In HDF5, all nodes stem from a root ("/").  The nodes can be either `Groups` or `Datasets` (also know as `Leaves` in PyTables).  `Groups` are the equivalent of directories on a filesystem and can container `Datasets` or other `Groups`.  A `Dataset` is a container for data.

In [1]:
import numpy as np

In [2]:
import os
import shutil
data_dir = "structuring"
if os.path.exists(data_dir):
    shutil.rmtree(data_dir)
os.mkdir(data_dir)

## PyTables

In [28]:
import tables

In [3]:
FILENAME = "%s/layout.h5" % data_dir
f = tables.open_file(FILENAME, "w")
group = f.create_group('/', 'a_group')
group

/a_group (Group) ''
  children := []

Inside this group we can create many datasets:

In [4]:
f.create_array(group, "my_array1", np.arange(10))
f.create_array(group, "my_array2", np.ones(100).reshape(10, 10));

or another group:

In [5]:
f.create_group('/a_group', 'another_group')

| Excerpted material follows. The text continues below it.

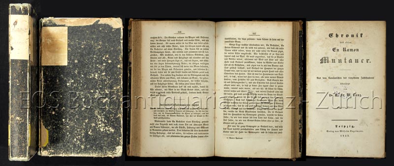 Muntaner, Ramon: Chronik des edlen En Ramon Muntaner. Aus dem Catalanischen des vierzehnten Jahrhunderts übersetzt von K. Fr. W. Lanz. Leipzig, (Breitkopf & Härtel für) Willhelm Engelmann, 1842. 2 Bde. 8°. XXIV, 322 S.; X, 325 S., 1 gef Stammtafel, 1 Bl. Errata. Pappbde. der Zeit.

/a_group/another_group (Group) ''
  children := []

In [6]:
print(f)

structuring/layout.h5 (File) ''
Last modif.: 'Wed Jun 14 15:48:18 2017'
Object Tree: 
/ (RootGroup) ''
/a_group (Group) ''
/a_group/my_array1 (Array(10,)) ''
/a_group/my_array2 (Array(10, 10)) ''
/a_group/another_group (Group) ''



With that, you can endow your datasets with any hierachy that would fit better to your needs.

### Natural naming

In PyTables, you may access nodes as attributes on a Python object, namely `f.root.a_group.some_data`.  This is known as natural naming.

In [8]:
f.root.a_group.my_array1

/a_group/my_array1 (Array(10,)) ''
  atom := Int32Atom(shape=(), dflt=0)
  maindim := 0
  flavor := 'numpy'
  byteorder := 'little'
  chunkshape := None

Natural naming supports `<TAB>` completion:

In [23]:
f.root.a_group  # use <TAB> completion

AttributeError: 'File' object has no attribute 'root'

In [17]:
f.close()

## h5py

In [11]:
import h5py

In [12]:
f = h5py.File(FILENAME, 'r')

In [13]:
list(f)

['a_group']

The `h5py.File` object acts as a dictonary, which exposes the groups and datasets:

In [20]:
f['/a_group']

<HDF5 group "/a_group" (3 members)>

In [22]:
list(f['/a_group'])

['another_group', 'my_array1', 'my_array2']

`<TAB>` completion must be enabled in h5py:

In [26]:
h5py.enable_ipython_completer()

In [27]:
f['/a_group']  # use tab completion

<HDF5 group "/a_group" (3 members)>